SharePoint 2013 Missing Server Dependencies

The Health Analyzer in Central Administration reports “Missing server dependencies”.

SharePoint Health Analyzer has detected some critical issues

SharePoint Health Analyzer has detected some critical issues

Health Analyzer reports Missing server dependencies

Health Analyzer reports “Missing server dependencies”

I had a lot of those after an upgrade from 2010 to 2013, all caused by features which had been in the 2010 system but were not wanted in the 2013 system. Some were third party web parts that had been installed and never used, there was another third party solution which was going to cost too much to upgrade and had never really met the business requirements in any case, and some free workflow extension packs which weren’t compatible with 2013. All of these had been removed from the 2010 environment, but the Health Analyzer still found traces of them in the 2013 system.

Searching for a solution brought me to the Get-SPScripts website and three pieces of PowerShell for dealing with three specific missing server dependencies errors that the Health Analyzer reports:

Although these scripts were written for SharePoint 2010, they work fine in 2013.

As the articles above indicate, you then have to so some detective work to find out exactly what is missing and how to get rid of it, and then remove the offending object through the UI or with some PowerShell.
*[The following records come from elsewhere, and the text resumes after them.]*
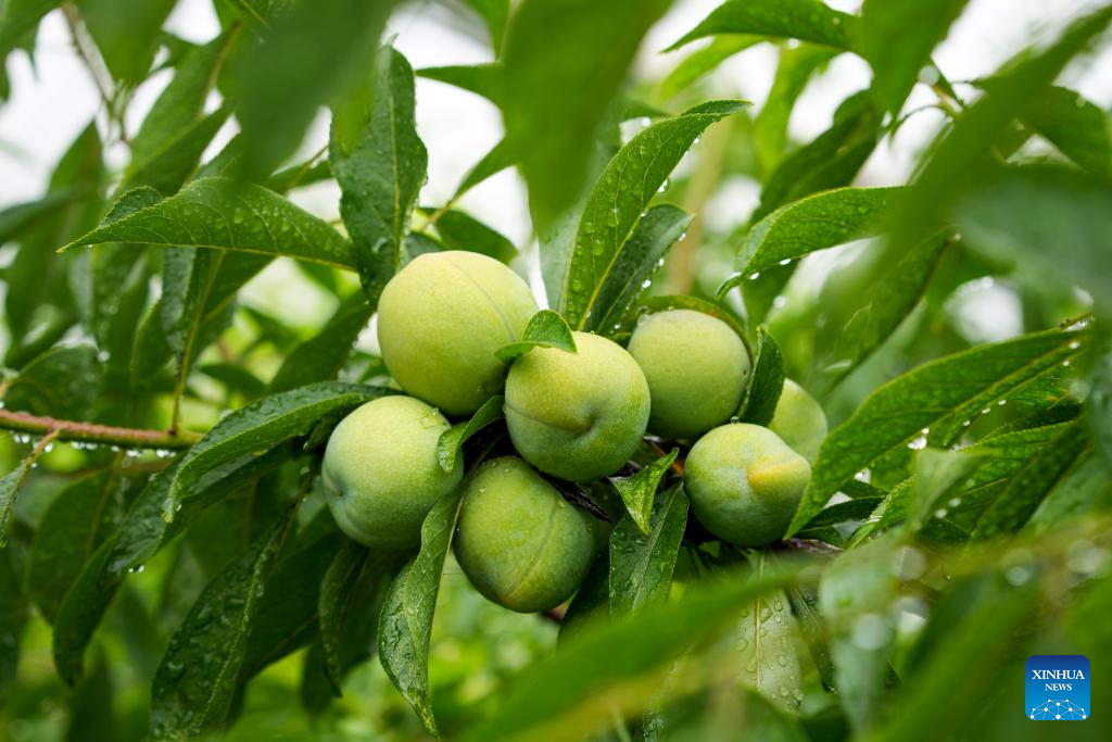 This photo taken on June 29, 2023 shows crisp plums at Wenfeng Village of Wushan County, southwest China's Chongqing. Known for its crisp, juicy and tender flesh, the crisp plum is one of the major fruits grown in Wushan County, playing a vital role in boosting rural revitalization. The improvement of logistics and delivery service have contributed to the sales of the dainty fruit across the country. (Xinhua/Liu Chan)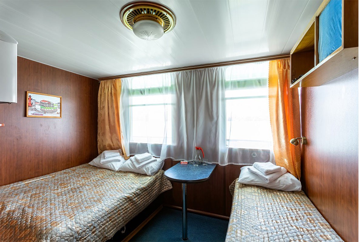 К категории А2 относятся каюты: 102 – 109, 112, 113, 116, 117, 202 – 209, 225, 229, 231, 233 – 242. Двухместная каюта со всеми удобствами, расположенная на главной и средней палубах. В каюте: два односпальных дивана, шкаф, стол, холодильник, ванная комната (раковина, душ, туалет), фен, телевизор, общая система вентиляции, обзорное окно. К навигации 2024 каюты 225, 229, 231, 233 – 242, расположенные на корме средней палубы, были модернизированы и оборудованы ванной комнатой с корабельным душем, общей системой вентиляции, обновлён текстиль и материал стен. Также в каютах сохранились в наличии шкаф, стол, холодильник, фен, телевизор.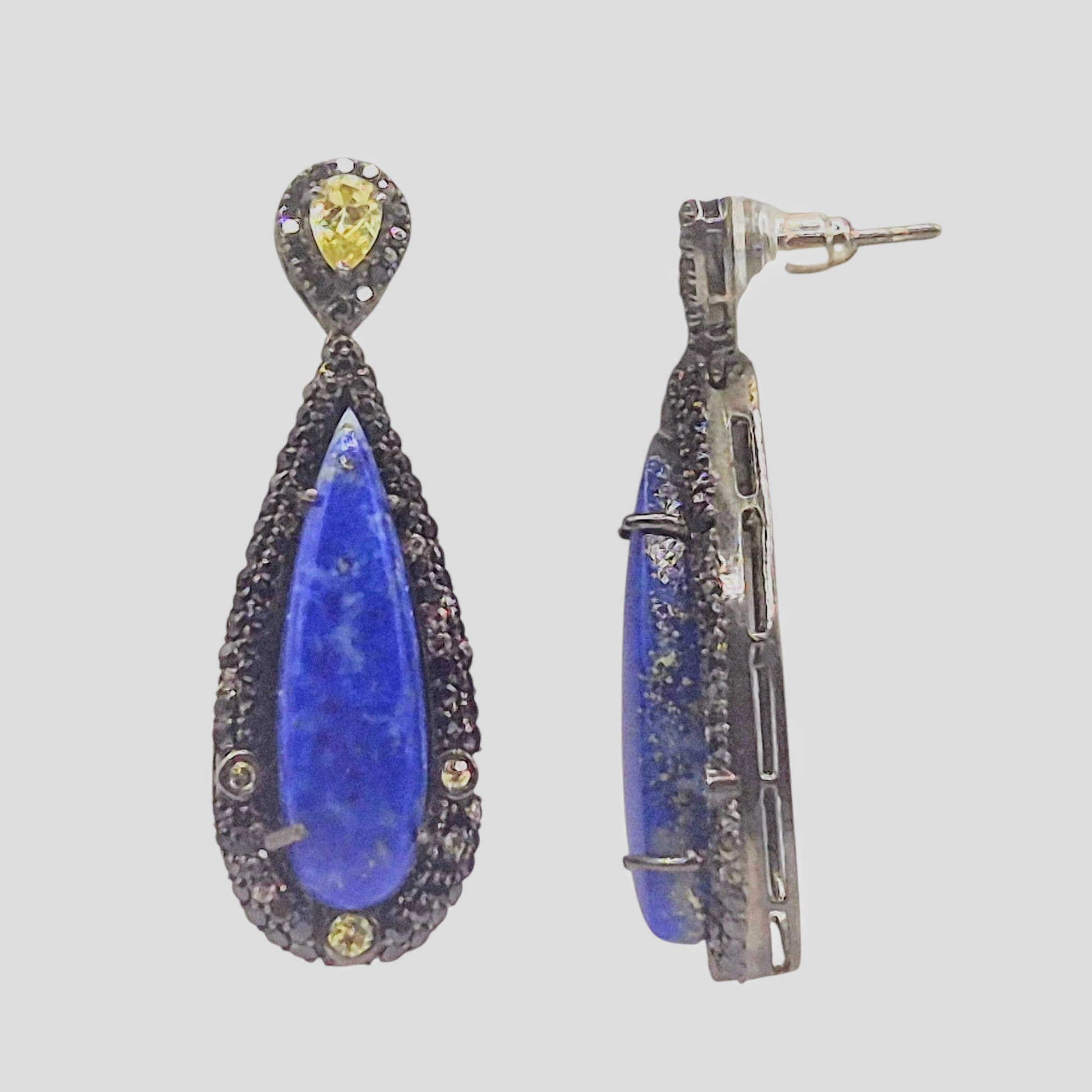 Natural Lapiz gemstone in a tear drop shape with marcasites and Zircons, set in 925 Silver
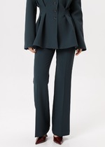 Брюки свободного кроя. Выполнены из костюмной ткани светло-серого цвета. В боковых швах карманы с отрезным бочком. Пояс на резинке. На Поясе имеются декоративные строчки. По переду имеется имитация застёжки. Длина 109 см

For a “MissingWebPart”, the error message starts with “[MissingWebPart] WebPart class [cb12c1aa-b54f-801d-3dde-2843d55fb558]” and continues “is referenced [n] times in the database [SharePoint_Content_DB_Name]”. You need to copy the class GUID and the database name, plus the database server name, into the SQL query, like this:

Run-SQLQuery -SqlServer "SQL_Server_Name" -SqlDatabase "SharePoint_Content_DB_Name"
 -SqlQuery "SELECT * from AllDocs inner join AllWebParts on AllDocs.Id
 = AllWebParts.tp_PageUrlID where AllWebParts.tp_WebPartTypeID = 'class_GUID_from_error_message'"
 | select Id, SiteId, DirName, LeafName, WebId, ListId, tp_ZoneID, tp_DisplayName
 | Format-List

My “MissingWebPart” messages all pointed to left-overs from third-party or custom developed features that were no longer required, and they were all in the site colelction Web Part Galleries. For some of these I could simply go to a site collection’s Web Part Gallery – https://<site-collection-url>/_catalogs/wp – and delete the file, and then go to the Site Collection Recycle Bin and permanently delete it. But some of the missing web part errors pointed to features in the My Sites web application, and I was not going to manually go through a thousand My Sites and do that. So I turned to a PowerShell function, in this case to remove “ReportViewer” web parts:

#Function that deletes Web Parts from the Web Parts catalogue 
function RemoveWebPartsFromCatalogue 
{ 
    param ($sSiteCollection)   
    try 
    {     
        $spSiteCollection = Get-SPWeb -Identity $sSiteCollection         
        $wpCatlog =[Microsoft.SharePoint.SPListTemplateType]::WebPartCatalog 
        $spList = $spSiteCollection.GetCatalog([Microsoft.SharePoint.SPListTemplateType]::WebPartCatalog)         
        $wpID = New-Object System.Collections.ObjectModel.Collection[System.Int32] 
         
        #Getting Web Parts to be deleted 
        foreach ($spItem in $spList.Items) 
        {             
            if($spItem.DisplayName.Contains("ReportViewer")) 
            {    
                #$spItem.DisplayName 
                $wpID.Add($spItem.ID)  
            } 
        } 
         
        #Deleting the Web Parts 
        foreach($wp in $wpID) 
        {               
            $wpItem = $spList.GetItemById($wp) 
            write-Host -f magenta "Deleting Web Part with ID $wpID from" $sSiteCollection
            $wpItem.Delete() 
        } 
        $spList.Update() 
        $spSiteCollection.Dispose()     
    } 
    catch [System.Exception] 
    { 
        write-host -f red $_.Exception.ToString() 
    } 
} 

To deal with the My Sites, I could then use a PowerShell loop to go through each My Site collection in the My Sites web application:

$webApp = Get-SPWebApplication &lt;my-site-host-site-collection-url&gt;

foreach($site in $webApp.Sites)
{
 RemoveWebPartsFromCatalogue -sSiteCollection $site.Url
 $site.Dispose()
}

The final step was to go back to Central Administration to confirm Health Analyzer no longer reported that missing server dependency error. If you click on the individual Health Analyzer error message you can choose to Rerun.

Reanalyze Now - Missing server dependencies

Reanalyze Health Analyzer report

Give the command time to run, several minutes, and then check the Health Analyzer again.